One of the eligibility requirements for FMLA is that the employee must work at a worksite where at least 50 employees are employed by the company within a 75-mile radius. How does the telecommuter fit in? The FMLA regulations, Section 825.111, paragraph (2), address the issue:

"An employee's personal residence is not a worksite in the case of employees, such as salespersons, who travel a sales territory and who generally leave to work and return from work to their personal residence, or employees who work at home, as under the concept of flexiplace or telecommuting. Rather, their worksite is the office to which they report and from which assignments are made."

Thus, if the remote worker's reporting office employs 50 or more employees within a 75-mile radius, and if he or she has worked for the company for at least 12 months and has worked at least 1250 hours in the last 12 months, the employee is eligible for FMLA leave.

But beyond the FMLA, there may be state laws that apply. Some employees have seen remote work as an opportunity to explore living in different parts of the country and may change state residences several times during the year. It's critical that you require employees to notify you whenever they will be working from a different jurisdiction, as you'll need to determine whether they are entitled to a statutory leave of absence under the laws of the state/city.

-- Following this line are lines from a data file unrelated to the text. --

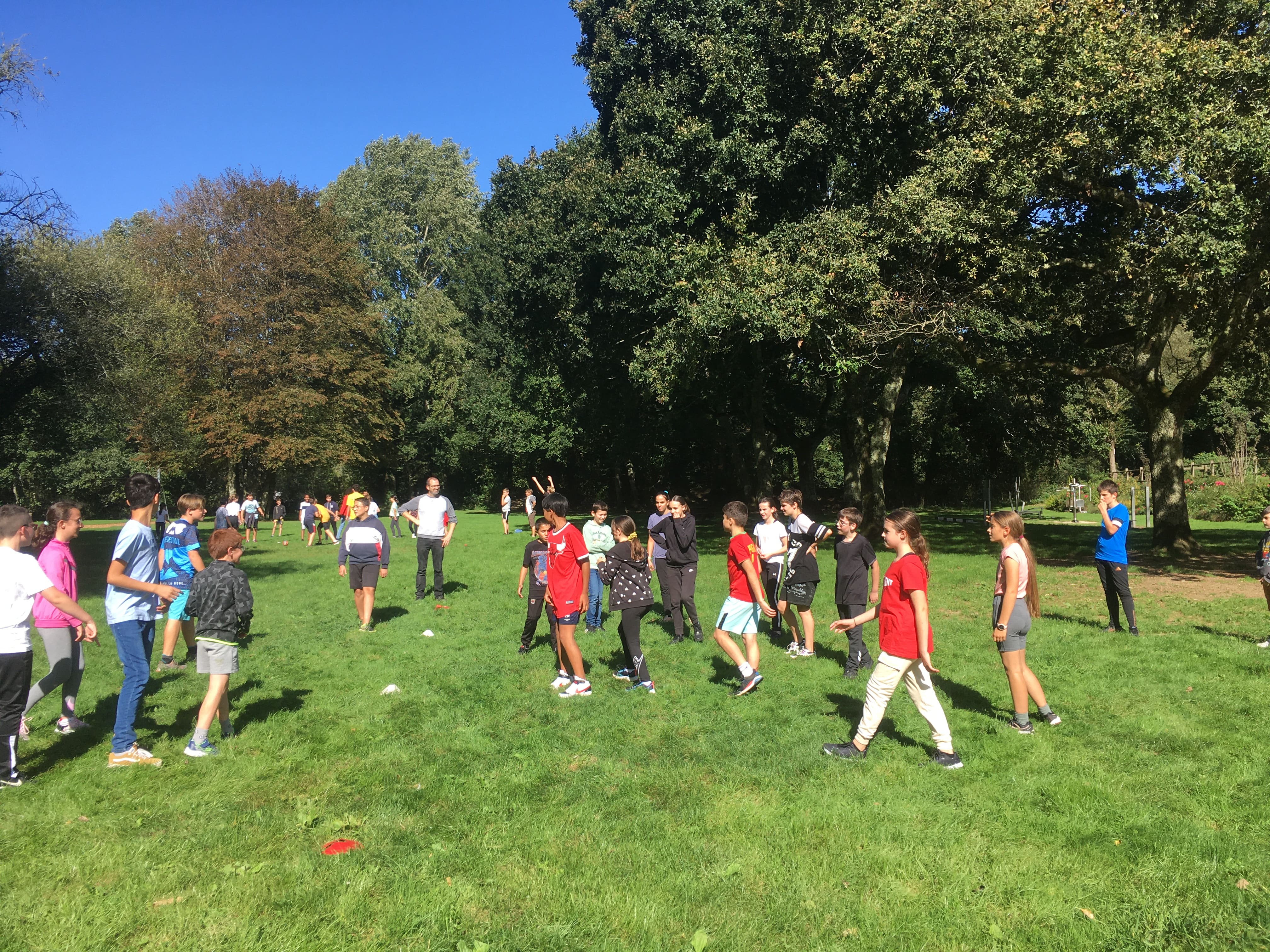 Le mardi 3 octobre s’est déroulée la journée d’intégration des élèves de 6e. Chacun d’entre eux était parrainé par un élève de 4e. Après avoir pique-niqué dans le magnifique parc des Gorrets qui se situe à deux pas du collège,  les binômes se sont mutuellement présentés à l'aide, notamment, d’un objet qu'ils avaient apporté et qui les représentait. La suite de l’après-midi s’est partagée entre différents jeux : chef d'orchestre, ballon prisonnier et tir à la corde. Une belle après-midi pour apprendre à se connaître et s’amuser tous ensemble !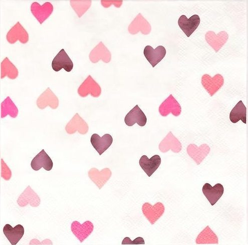 Servietter, Hvit med rosa hjerter, pk/16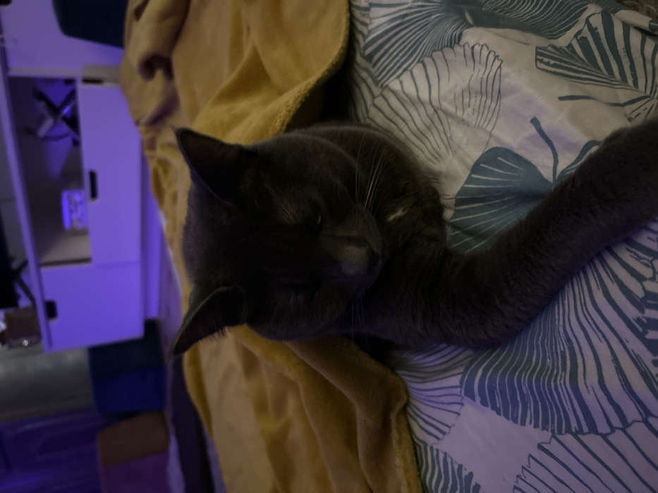 A gray cat sleeps peacefully on a bed covered with a blue and white patterned sheet. The cat's head rests on a yellow blanket or towel. Its eyes are closed, and its body is curled up. A leg extends along the top of the sheet. To the left, out of focus, is a white shelf unit with purple lighting. The overall scene has a calm and cozy atmosphere.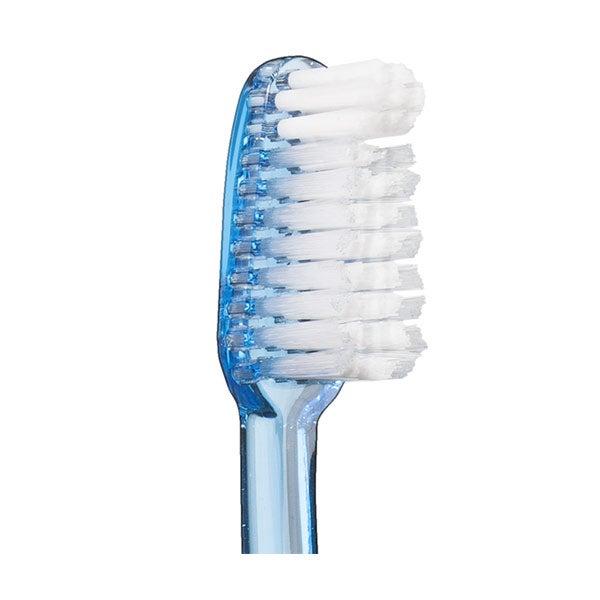 VITIS orthodontic es un cepillo diseñado para el uso diario, con un cabezal de tamaño estándar y filamentos de textura suave y media.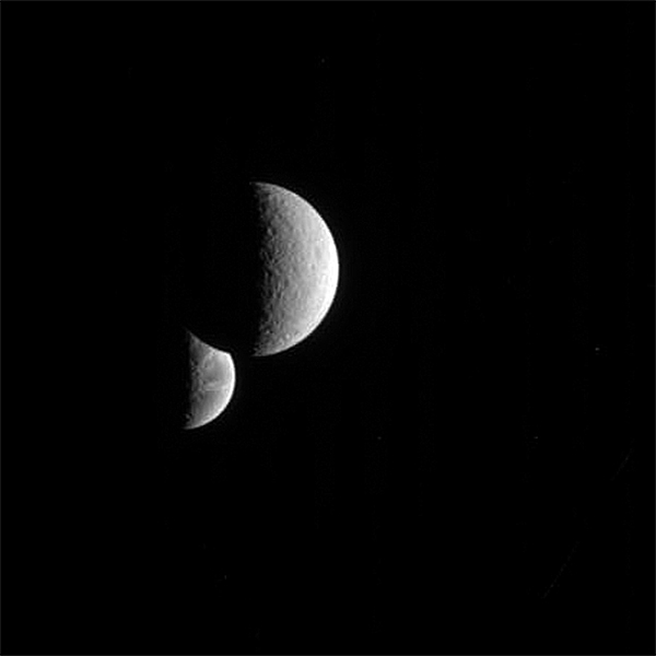 Rhea overlaps sister moon Dione in this image, taken by Cassini on October 22. One of a series of raw images showing the moons approach and then pass each other.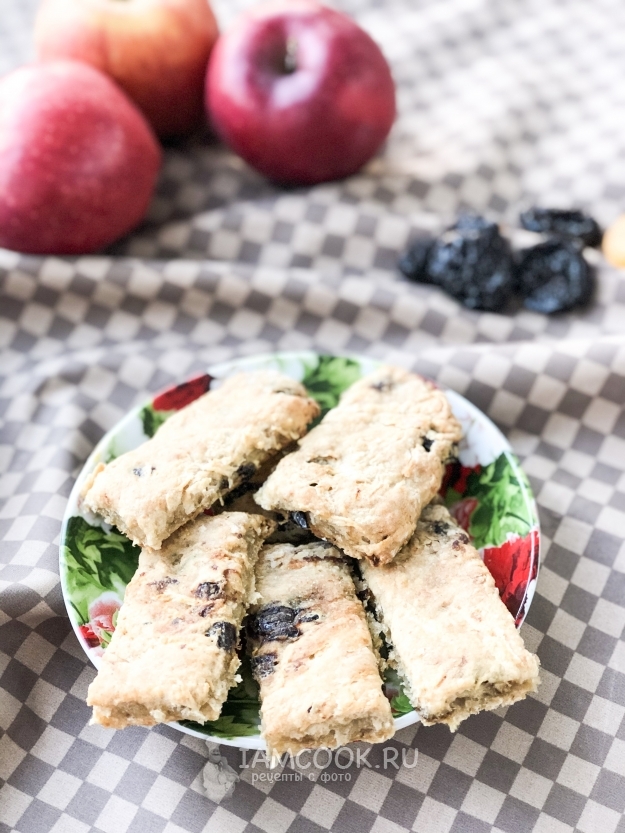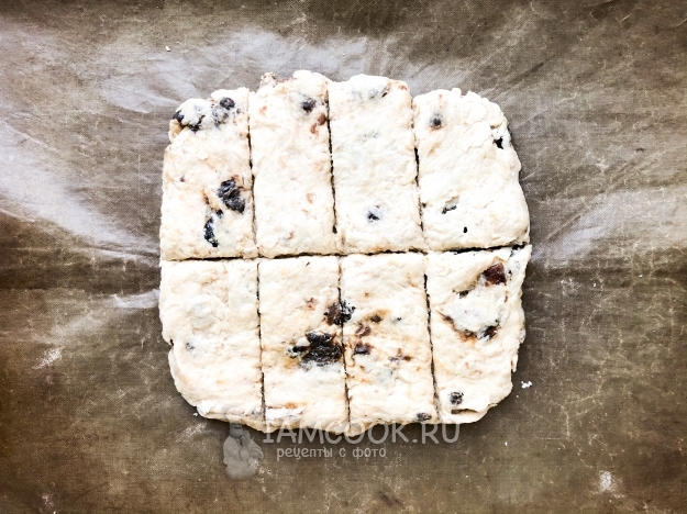 Противень застелите пергаментной бумагой. Из теста сформируйте прямоугольник высотой не выше 1 сантиметра и разрежьте на 8 равных частей. Выпекайте 30 минут в духовке при температуре 180 градусов.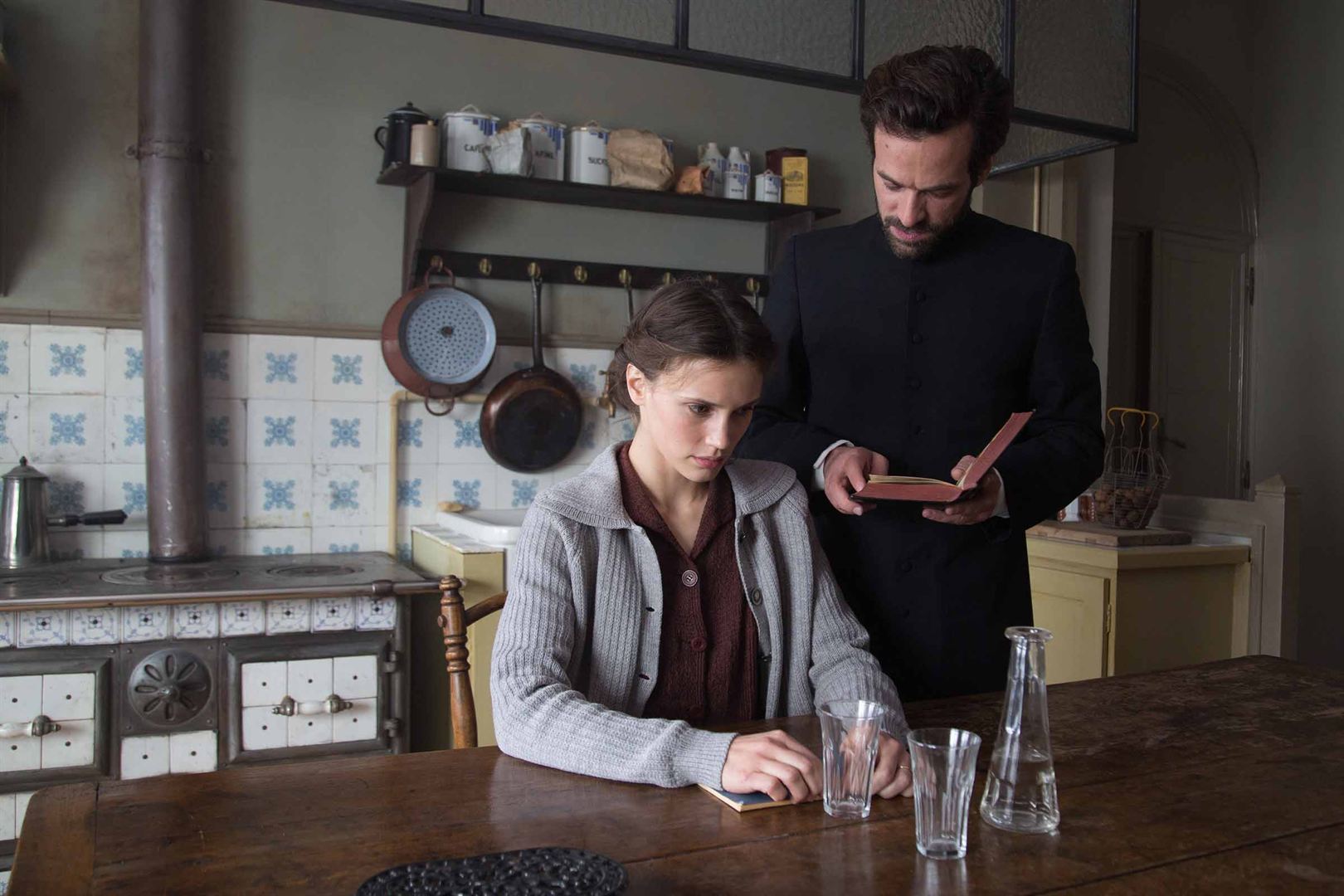 Mais cette belle rhétorique élégamment portée par une Marine Vacth émouvante dans la peau de cette jeune femme déchirée entre ses croyances et les arguments brillants de cet homme persuasif, et un Romain Duris à l’œil vif et au doux sourire enjôleur, risquerait de devenir indigeste sans l’étude psychologique de la population locale. Les opinions des uns et des autres sur le lieu de travail (en particulier dans le bureau de poste), les soupçons sur ceux qui trempent dans la Collaboration ou au contraire ceux qui résistent, le comportement des soldats allemands, sont autant de détails qui animent le récit, par ailleurs empreint d’humour et de légèreté. Malgré le conflit en toile de fond, règnent des instants de grâce réjouissants que l’on doit à la sérénité et la tolérance des deux protagonistes. Romain Duris, à qui la soutane sied merveilleusement, sait trouver le ton juste grave et lent pour habiller son personnage d’une dose équilibrée de vivacité et de mystère. On ne voit pas le temps passer en regardant ces personnages talentueusement éclairés de lumière ou d’obscurité selon les circonstances ; et lorsque le mot fin s’inscrit, on se sent enveloppé d’une paix réconfortante. En réactualisant de manière très personnelle ce livre datant de 1952, Nicolas Boukhrief nous prouve que les idéaux ne sont pas morts. Les modes et les usages changent mais la puissance des sentiments reste.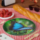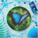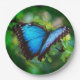 Uma fotografia surpreendente de uma borboleta azul de Morpho (peleides de Morpho) empoleirou-se em algumas folhas.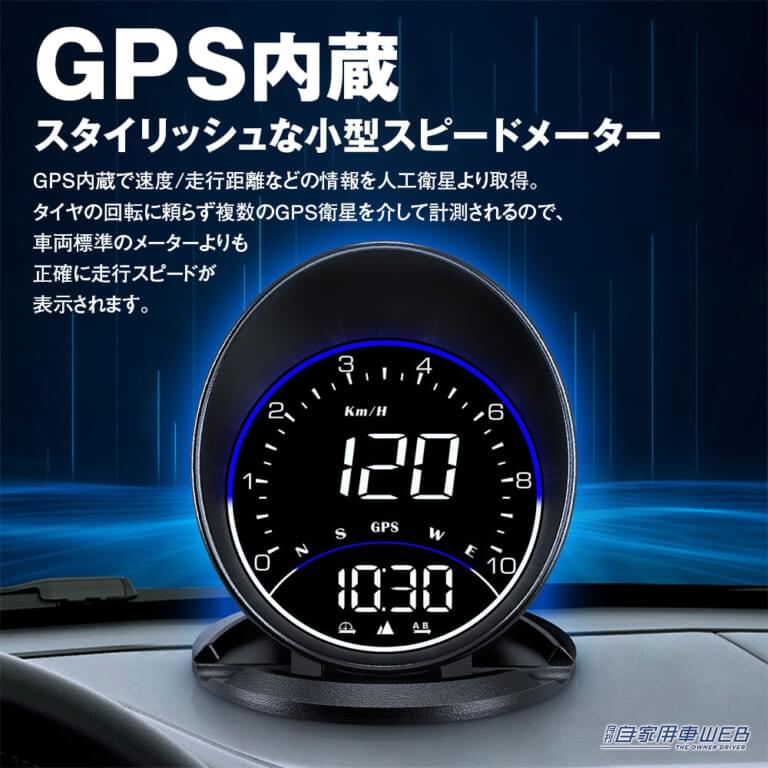 速度や時刻、方位など様々なデータを表示する取付簡単なGPSメーターが「M-GPS-V03/V04」だ。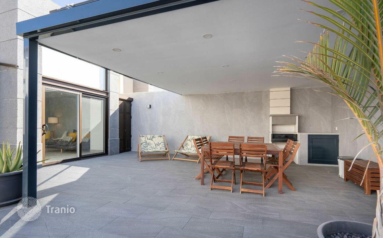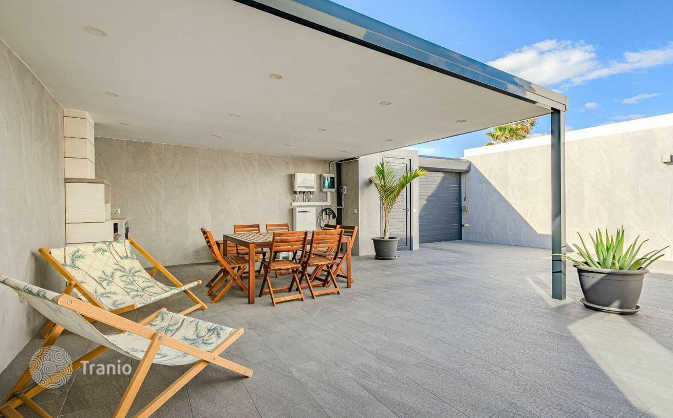Вилла полностью отремонтирована с использованием высококачественных материалов и современного дизайна, распределена на одном этаже, построена на участке площадью 250 м². В доме есть закрытый гараж на одну машину, часть этого пространства отведена под спортзал. Также имеется крытая открытая парковка с зарядной станцией для электромобиля. Беседка и зона барбекю, а также большая открытая площадка, которая окружает дом, обеспечивают полную приватность и защиту от ветра. Лестница открывает доступ к террасе на крыше с различными возможностями, так как с этого места открывается потрясающий вид на океан. Продается полностью меблированной.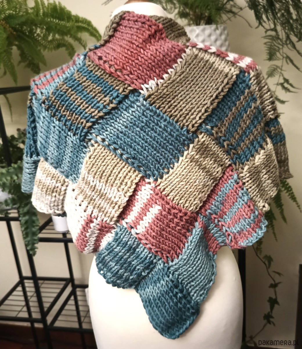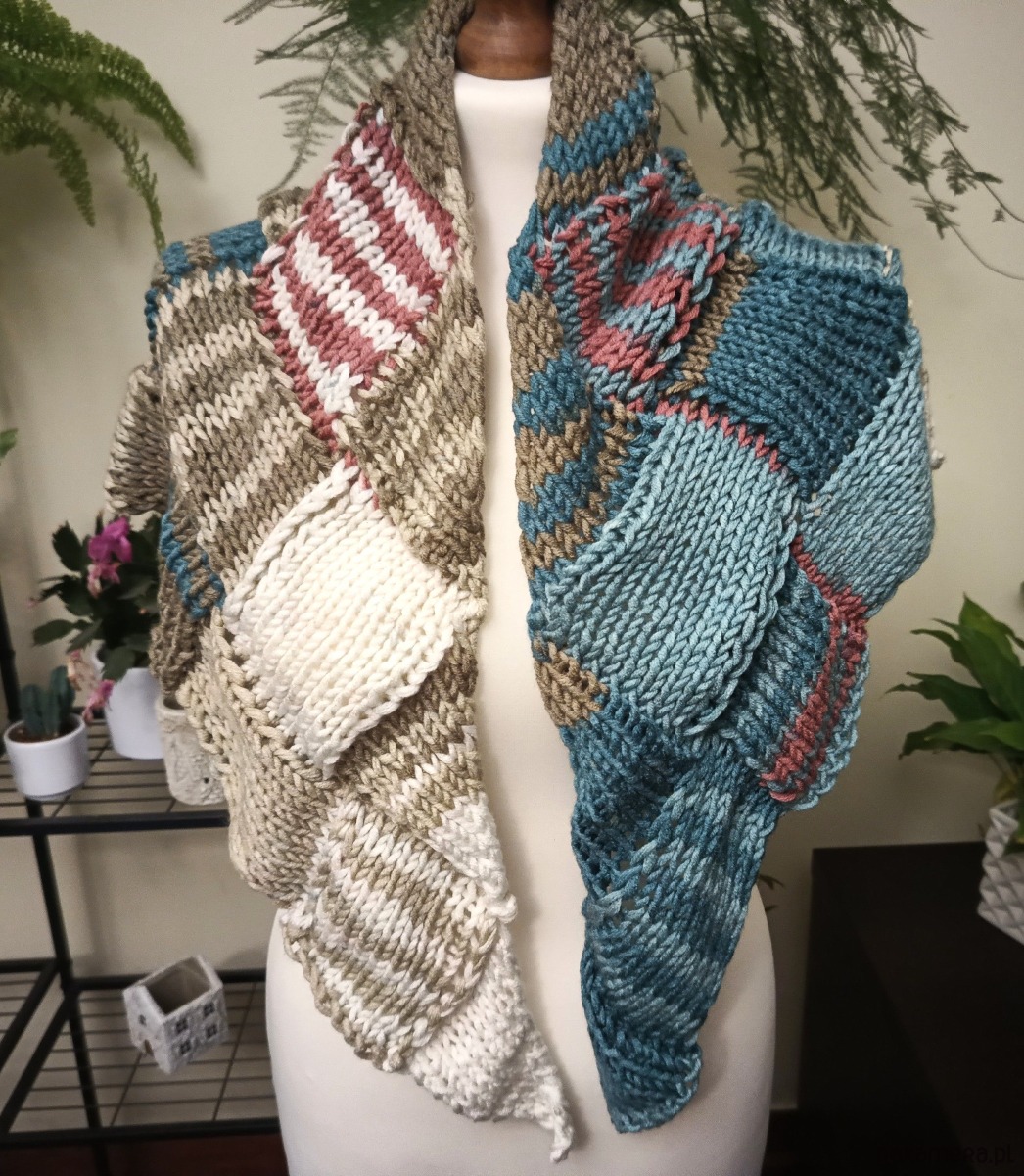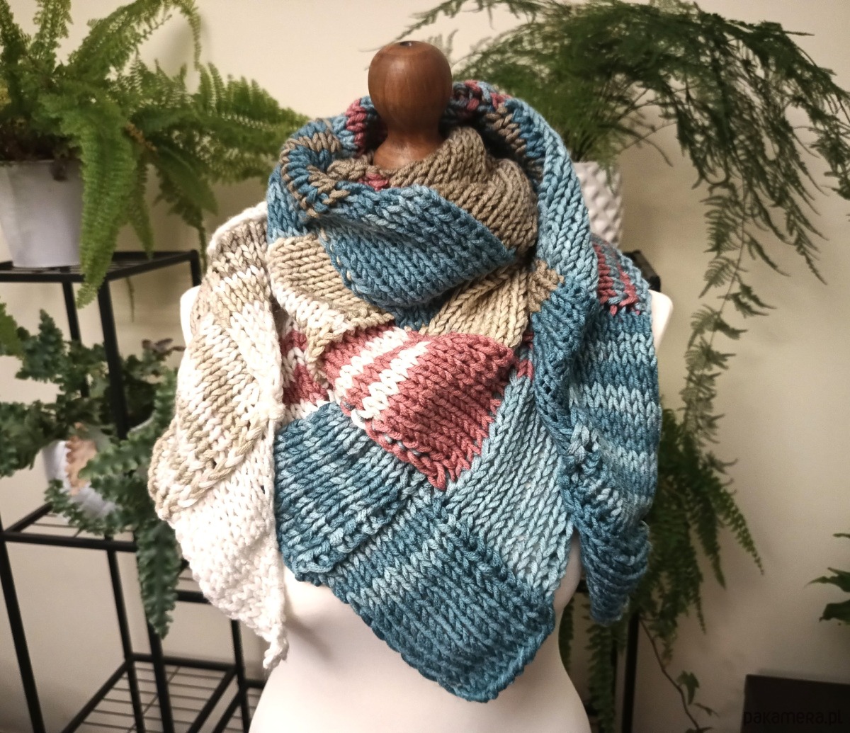 Chusta ma kształt trójkąta. Wykonałam ją ciekawym wzorem przypominającym plecionkę. Chusta Bandama stanowi świetny dodatek do każdej stylizacji. Można ją nosić na wiele sposobów, jako chustę na ramiona, na szyję lub chustę na głowę zastępującą czapkę.

California, Connecticut, Hawaii, Massachusetts, New Jersey, New York, Rhode Island, Washington, and Washington, DC provide paid family leave and other states have non-paid family leave. A recent "Dear Littler" letter illustrated the state law quandary and demonstrated the complexity and possible financial obligations of employers to fund the benefits. For example, if an employee moves to Massachusetts and falls ill after earning more than $5,400 there, they may be covered, and you may be required to withhold pay from his paycheck to fund this benefit.